For a positive test:
LR+ = sensitivity/(1 − specificity) = 0.9/(1 − 0.65) = 2.57
p1 (from prevalence) = 0.55
o1 = 0.55/(1 − 0.55) = 1.22
o2 = o1 × LR+ = 1.22 × 2.57 = 3.14
p2 = 3.14/(1 + 3.14) = 0.76
For a negative test:
LR− = (1 − sensitivity)/specificity = (1 − 0.9)/0.65 = 0.15
o2 = o1 × LR− = 1.22 × 0.15 = 0.18
p2 = 0.18 /(1 + 0.18) = 0.15
In a woman presenting in general practice with symptoms suggesting a UTI, a positive dipstick test increases the probability of a bacterial UTI from 55% to 76%, while a negative dipstick test decreases the probability to 15%.
The Fagan nomogram allows LR to convert pre- to post-test probabilities. To use, if the pre-test probability is marked on the left axis, then a line is drawn from this point on the left side of the graph through the LR value (positive or negative) for the test. The point where the line meets the right side of the graph is the estimated post-test probability of the disease (Fig. 1.1).
Fig. 1.1 Fagan nomogram. Reproduced with permission from Greenhalgh T. How to read a paper: Papers that report diagnostic or screening tests. BMJ 1997; 315:540–3.
Links to a number of likelihood ratios can be found at Bandolier. http://www.medicine.ox.ac.uk/bandolier
The processes described in the previous sections of this chapter are all about narrowing the differential diagnosis through gathering together evidence. This is inherent in diagnostic decision-making, although we rarely think of it in these terms.
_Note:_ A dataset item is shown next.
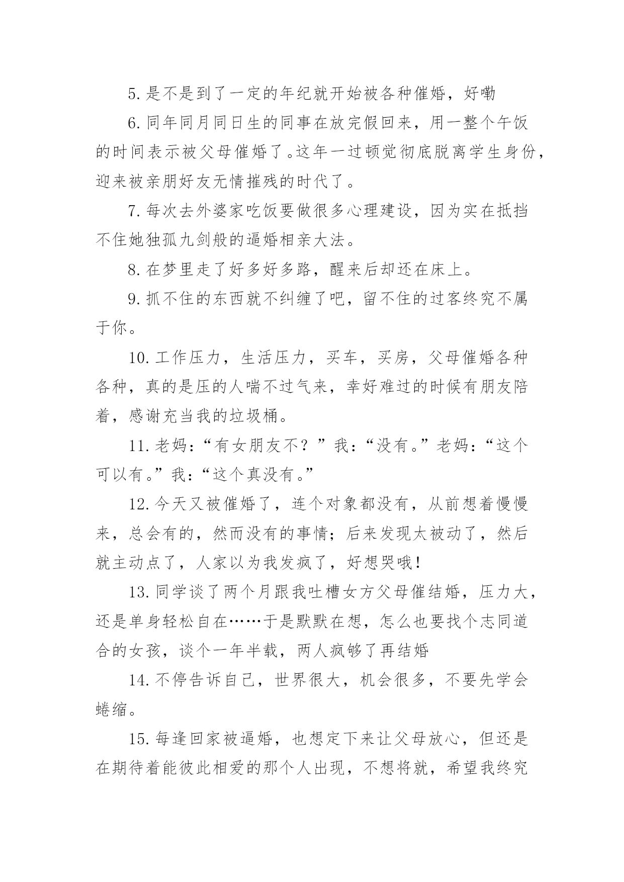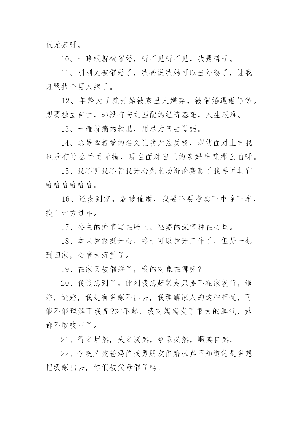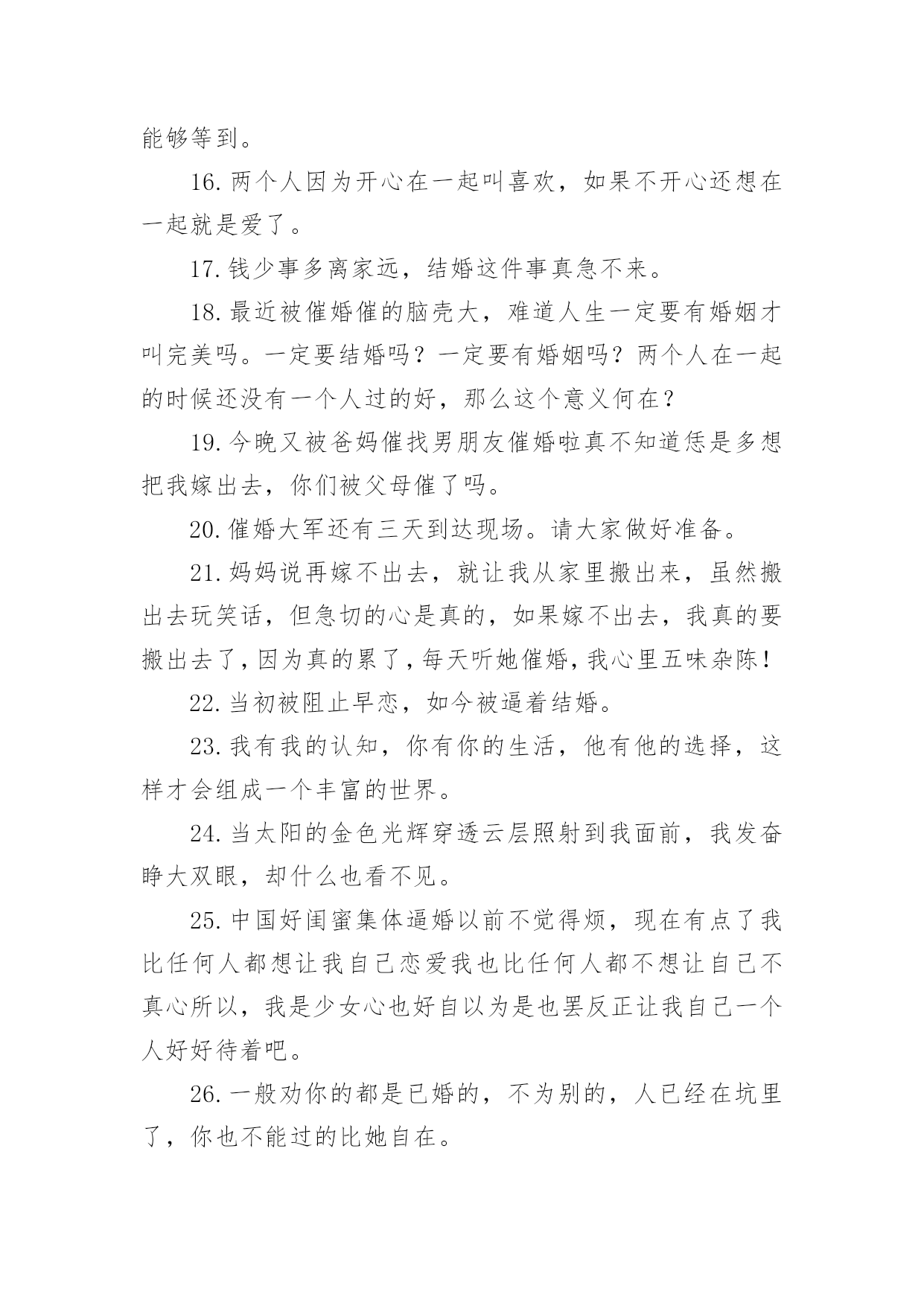 被催婚的经典文案被催婚的经典文案(12篇)在日常学习、工作和生活中,越来越多人喜欢在朋友圈上发布文案,文案用以宣泄自己的情绪,调节心情。还在苦苦寻找优秀经典的文案吗?下面是小编收集整理的被催婚的经典文案,欢迎阅读,希望大家能够喜欢。被催婚的经典文案11.我妈说没有男朋友,今年不要回家过年,所以我今年不回家过年了。2.人类最可宝贵的财富是希望,希望减轻了我们的苦恼,为我们在享受当前的乐趣中描绘出来乐趣的远景。如果人类不幸到目光只限于考虑当前,那么人就会不再去播种,不再去种植,人对什么也不准备了;从而在这尘世的享受中,人就会缺少一切。3.你被父母催工作了吗?你被父母催结婚了吗?你被父母催生小孩了吗?当父爱母爱与催挂钩,爱的意味似乎有点变味了。爱,就不应该各种催,而应该理解与支持,给予儿女一定的自由。他们诚然稚嫩,但他们自然也有他们的梦想,他们的人生。4.压力真的是无处不在,工作日整日操心自己的工作,在这样快速发展的社会不断的学习更新自己免除淘汰的危险,回家还要面对哪些嘴碎的亲友,心累啊。5.是不是到了一定的年纪就开始被各种催婚,好嘞6.同年同月同日生的同事在放完假回来,用一整个午饭的时间表示被父母催婚了。这年一过顿觉彻底脱离学生身份,迎来被亲朋好友无情摧残的时代了。7.每次去外婆家吃饭要做很多心理建设,因为实在抵挡不住她独孤九剑般的逼婚相亲大法。8.在梦里走了好多好多路,醒来后却还在床上。9.抓不住的东西就不纠缠了吧,留不住的过客终究不属于你。10.工作压力,生活压力,买车,买房,父母催婚各种各种,真的是压的人喘不过气来,幸好难过的时候有朋友陪着,感谢充当我的垃圾桶。11.老妈:“有女朋友不?”我:“没有。”老妈:“这个可以有。”我:“这个真没有。”12.今天又被催婚了,连个对象都没有,从前想着慢慢来,总会有的,然而没有的事情;后来发现太被动了,然后就主动点了,人家以为我发疯了,好想哭哦!13.同学谈了两个月跟我吐槽女方父母催结婚,压力大,还是单身轻松自在……于是默默在想,怎么也要找个志同道合的女孩,谈个一年半载,两人疯够了再结婚14.不停告诉自己,世界很大,机会很多,不要先学会蜷缩。15.每逢回家被逼婚,也想定下来让父母放心,但还是在期待着能彼此相爱的那个人出现,不想将就,希望我终究能够等到。16.两个人因为开心在一起叫喜欢,如果不开心还想在一起就是爱了。17.钱少事多离家远,结婚这件事真急不来。18.最近被催婚催的脑壳大,难道人生一定要有婚姻才叫完美吗。一定要结婚吗?一定要有婚姻吗?两个人在一起的时候还没有一个人过的好,那么这个意义何在?19.今晚又被爸妈催找男朋友催婚啦真不知道恁是多想把我嫁出去,你们被父母催了吗。20.催婚大军还有三天到达现场。请大家做好准备。21.妈妈说再嫁不出去,就让我从家里搬出来,虽然搬出去玩笑话,但急切的心是真的,如果嫁不出去,我真的要搬出去了,因为真的累了,每天听她催婚,我心里五味杂陈!22.当初被阻止早恋,如今被逼着结婚。23.我有我的认知,你有你的生活,他有他的选择,这样才会组成一个丰富的世界。24.当太阳的金色光辉穿透云层照射到我面前,我发奋睁大双眼,却什么也看不见。25.中国好闺蜜集体逼婚以前不觉得烦,现在有点了我比任何人都想让我自己恋爱我也比任何人都不想让自己不真心所以,我是少女心也好自以为是也罢反正让我自己一个人好好待着吧。26.一般劝你的都是已婚的,不为别的,人已经在坑里了,你也不能过的比她自在。27.和我同龄的女生不都没对象,比如杨紫迪丽热巴古力娜扎。28.已把我催到崩溃的边缘,我觉得如果最后一次温柔的反驳不奏效,百分之九十九的可能就是狂怼开骂。没办法,我素质真的不高。29.同事说你要是不结婚,别人就会看不起你爸妈的。30.被父母催婚的心情说说过年又被催婚的句子心情。31.即便大着几岁,多一些生活经历,教育程度高一些,也不意味着你有资格去批评教导别人,指点江山。32.真实感觉太委屈了,下午被我妈念叨得哭了,“干得好不如嫁得好”,都啥道理啊,第一次感到了被催婚的压力,呜呜呜我真的太难受了。33.孩提时不想父母离婚,长大后不想被父母催婚。我们是不是总以骨肉的名义干涉世上最奇妙的陌生关系----爱情。34.才刚毕业出来工作没多久,我近期根本没有结婚的打算,工作之余还得面对妈妈的催婚招数,真是让人受不了。35.家里那种催结婚的,我真的实力无语吧,我父母都没催,你那么急干嘛,那种不想上学只想生孩子的才会急着结婚,还有说毕业了就找个村卫生室呆着等嫁人,我真的服了。36.我们这批人将开始被父母催婚,甚至有的人已经能抱着孩子来参加同学聚会。37.最终还是被家里长辈催婚了可能是时候未到吧。瞬间有点恐婚。38.面对催婚,我无所适从,在这个尴尬的年纪我还是找不到结婚的理由。39.我不听我不管我开心先

The process is akin to Bayesian statistics, and if quantified through pre- and post-test probabilities and LRs it is an actual application of Bayes’ theorem. Bayes’ theorem states that the pre-test odds of a hypothesis being true multiplied by the weight of new evidence (LR) generates post-test odds of the hypothesis being true. Unlike ‘frequentist’ approaches to statistical inference, Bayesian inferences explicitly include prior knowledge, in these examples the pre-test probability. At each step in the diagnostic process you have a working idea of the probability of a diagnosis, and with the results of each question, examination and investigation you increase or decrease that probability.
In routine clinical practice this process is usually more qualitative than quantitative due to lack of relevant LR estimates, lack of time, and lack of expertise. However, quantitative estimations are important in developing clinical decision-making tools and algorithms to guide clinicians and increasingly to direct nursing and other healthcare staff in face-to-face, telephone, or online consultations. They can also be applied in clinical governance to reduce unnecessary investigations or introduce new ones.
Increasingly, new technologies are being used to improve clinical decision-making.
There are a large number of clinical scoring systems to assist diagnosis. Like any tool, some are better than others, and can be evaluated in terms of sensitivity and specificity.